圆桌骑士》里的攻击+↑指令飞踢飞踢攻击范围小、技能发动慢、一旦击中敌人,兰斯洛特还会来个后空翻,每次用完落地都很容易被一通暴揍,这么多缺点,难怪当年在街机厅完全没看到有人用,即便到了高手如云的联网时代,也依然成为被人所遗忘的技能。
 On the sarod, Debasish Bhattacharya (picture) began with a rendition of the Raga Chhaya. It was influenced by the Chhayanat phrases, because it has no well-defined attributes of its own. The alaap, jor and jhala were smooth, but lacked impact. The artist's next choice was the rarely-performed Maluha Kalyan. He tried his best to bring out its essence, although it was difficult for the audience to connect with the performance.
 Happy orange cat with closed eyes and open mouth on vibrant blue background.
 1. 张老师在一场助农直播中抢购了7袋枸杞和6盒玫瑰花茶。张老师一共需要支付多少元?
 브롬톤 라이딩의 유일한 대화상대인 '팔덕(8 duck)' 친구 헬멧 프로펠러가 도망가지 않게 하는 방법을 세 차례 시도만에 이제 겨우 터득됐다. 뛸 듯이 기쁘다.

****************

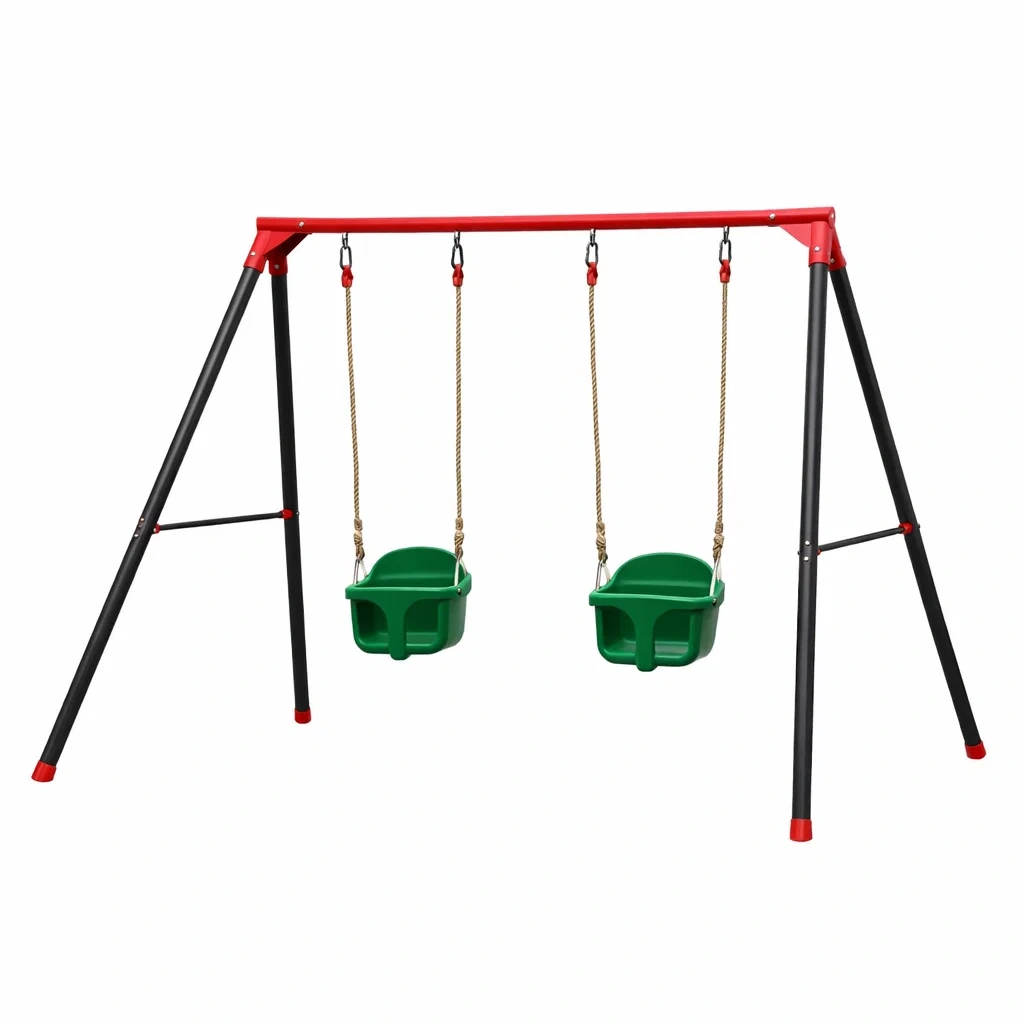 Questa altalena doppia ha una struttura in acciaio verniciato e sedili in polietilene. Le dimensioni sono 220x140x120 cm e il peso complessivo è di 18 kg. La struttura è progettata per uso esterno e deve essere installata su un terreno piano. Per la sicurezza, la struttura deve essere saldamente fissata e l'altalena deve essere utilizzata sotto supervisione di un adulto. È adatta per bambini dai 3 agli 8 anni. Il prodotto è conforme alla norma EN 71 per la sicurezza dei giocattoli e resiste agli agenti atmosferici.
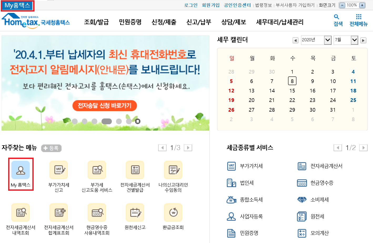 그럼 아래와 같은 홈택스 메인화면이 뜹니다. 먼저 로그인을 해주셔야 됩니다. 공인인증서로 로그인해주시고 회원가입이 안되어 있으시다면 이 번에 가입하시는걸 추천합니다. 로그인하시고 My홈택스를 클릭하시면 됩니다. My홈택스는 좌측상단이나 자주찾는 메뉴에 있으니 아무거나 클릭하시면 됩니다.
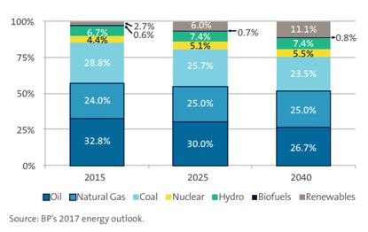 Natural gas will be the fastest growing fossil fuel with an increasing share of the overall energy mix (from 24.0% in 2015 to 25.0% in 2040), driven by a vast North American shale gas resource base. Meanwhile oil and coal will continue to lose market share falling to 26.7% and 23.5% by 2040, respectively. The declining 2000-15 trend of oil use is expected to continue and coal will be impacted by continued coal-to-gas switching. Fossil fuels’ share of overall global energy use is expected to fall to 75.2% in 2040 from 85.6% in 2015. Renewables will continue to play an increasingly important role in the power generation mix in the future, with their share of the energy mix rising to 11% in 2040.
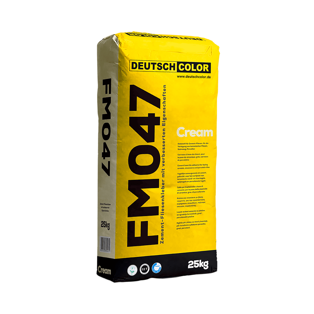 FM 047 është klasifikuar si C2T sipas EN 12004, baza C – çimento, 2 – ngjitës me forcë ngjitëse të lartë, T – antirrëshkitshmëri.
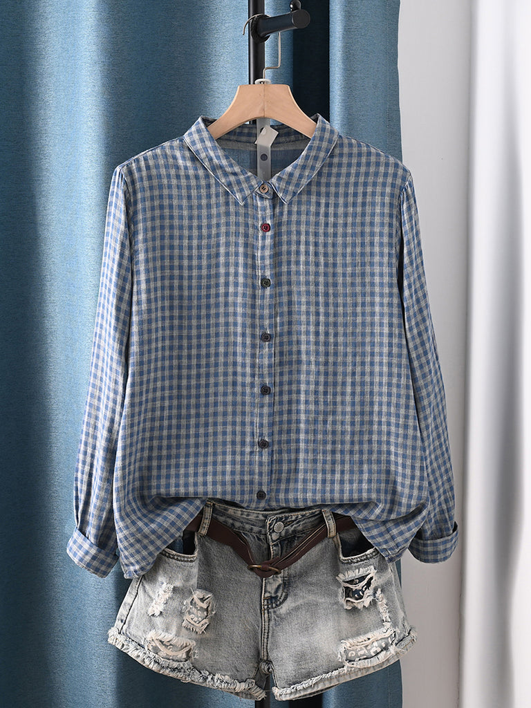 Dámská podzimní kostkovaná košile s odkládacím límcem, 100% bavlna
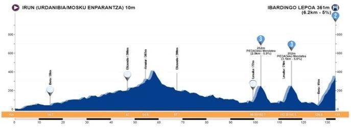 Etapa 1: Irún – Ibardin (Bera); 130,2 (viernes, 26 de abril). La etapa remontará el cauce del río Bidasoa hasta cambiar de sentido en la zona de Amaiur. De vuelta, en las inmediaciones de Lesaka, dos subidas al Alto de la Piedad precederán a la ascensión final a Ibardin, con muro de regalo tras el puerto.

****************

--- EXERCISE REQUIREMENTS ---
From the line with "FM 047 është" up to and including the line with "Etapa 1: Irún" above, retype every line exactly and nothing more; leave out the pictures.

--- ANSWER SPACE ---
 FM 047 është klasifikuar si C2T sipas EN 12004, baza C – çimento, 2 – ngjitës me forcë ngjitëse të lartë, T – antirrëshkitshmëri.
 Dámská podzimní kostkovaná košile s odkládacím límcem, 100% bavlna
 Etapa 1: Irún – Ibardin (Bera); 130,2 (viernes, 26 de abril). La etapa remontará el cauce del río Bidasoa hasta cambiar de sentido en la zona de Amaiur. De vuelta, en las inmediaciones de Lesaka, dos subidas al Alto de la Piedad precederán a la ascensión final a Ibardin, con muro de regalo tras el puerto.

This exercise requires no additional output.